- DVD cover
- Directed by: Michael Thornhill
- Written by: Frank Moorhouse
- Produced by: Michael Thornhill
- Starring: Corin Redgrave
- Cinematography: Russell Boyd
- Edited by: Max Lemon
- Music by: Adrian Ford
- Production companies: Edgecliff Films McElroy and McElroy T and M Films
- Distributed by: Vincent Library Umbrella Entertainment
- Release date: 15 November 1974;
- Running time: 101 minutes
- Country: Australia
- Language: English
- Budget: A$320,000

= Between Wars =

Between Wars is an Australian 1974 drama/war film released on 15 November 1974. It was directed by Michael Thornhill and written by Frank Moorhouse.

==Plot==

The film examines four periods in the life of (the fictitious) doctor Edward Trenbow:
- In 1918 Trenbow is treating shell-shocked soldiers from the front.
- In the 1920s he works as a psychiatrist at the Sydney insane asylum and becomes involved in experiments in Freudian psychiatry, which bring him to the attention of a Royal Commission.
- In the 1930s he works as a doctor in a small country town and becomes involved in a fight against the New Guard.
- In 1939 he is working in Sydney as a psychiatrist and tries to defend a German psychiatrist who is being interned as a member of the Australia First Movement. He has become a pacifist and is dismayed when his son enlists for what became World War II.

==Cast==
- Corin Redgrave as Dr Edward Trenbow
- Judy Morris as Deborah Trenbow
- Gunter Meisner as Dr Karl Schneider
- Arthur Dignam as Dr Peter Avante
- Patricia Leehy as Marguerite
- Jone Winchester as Deborah's mother
- Brian James as Deborah's father
- Reg Gillam as Trenbow's father
- Betty Lucas as Trenbow's mother
- Peter Cummins
- Neil Fitzpatrick as Lance Backhouse
- Reg Gorman as Orderly
- John O'May as William Faulkner
- Judy Lynne as Woman Officer
- Colette Mann as student in revue

==Production==
Director Michael Thornhill was good friends with writer Frank Moorhouse and they had worked together on several short films. Moorehouse wrote the script in 1970, originally for television and it was revived a few years later. Half the budget came from the Australian Film Development Corporation and the other half from a property developer.

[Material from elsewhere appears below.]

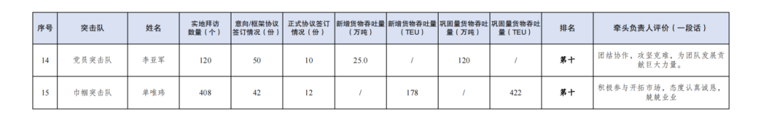 1.累計拜訪客戶數(shù)量16022家:其中多式聯(lián)運(yùn)第二突擊隊3167家,多式聯(lián)運(yùn)第一突擊隊3048家,大豐港區(qū)突擊隊1846家,響水港區(qū)突擊隊955家,巾幗突擊隊926家,青年突擊隊913家,黨員突擊隊887家,射陽港區(qū)突擊隊840家,航運(yùn)集團(tuán)突擊隊805家,濱海港區(qū)突擊隊714家,阜寧港區(qū)突擊隊692家,建湖港區(qū)突擊隊627家,亭湖港區(qū)突擊隊602家。

Filming took place over six weeks in February and March 1974 with interiors at the former studios of Cinesound Productions at Bondi and locations in Gulgong and Melbourne. It was the first feature from cinematographer Russell Boyd.

==Release==
Thornhill decided to distribute the film himself at first. Initial reviews were good but the box office performance was not strong and distribution was taken over by the Vincent Library. The movie did not return its cost; a bigger "flop" than The Cars that Ate Paris.

==Reception==
The Canberra Times critic considered this an important Australian film, as distinct from the "pot-boilers" of the time — the "Australian New Wave" — Petersen, Stork, Stone and even Wake in Fright.

==Home media==
Between Wars was released on DVD by Umbrella Entertainment in January 2011. The DVD is compatible with all region codes.
By 2023 it was no longer in their catalogue.

==Awards==
In 1976, the Australian Cinematographers Society awarded the film's cinematographer Russell Boyd with Cinematographer of the Year award for the film.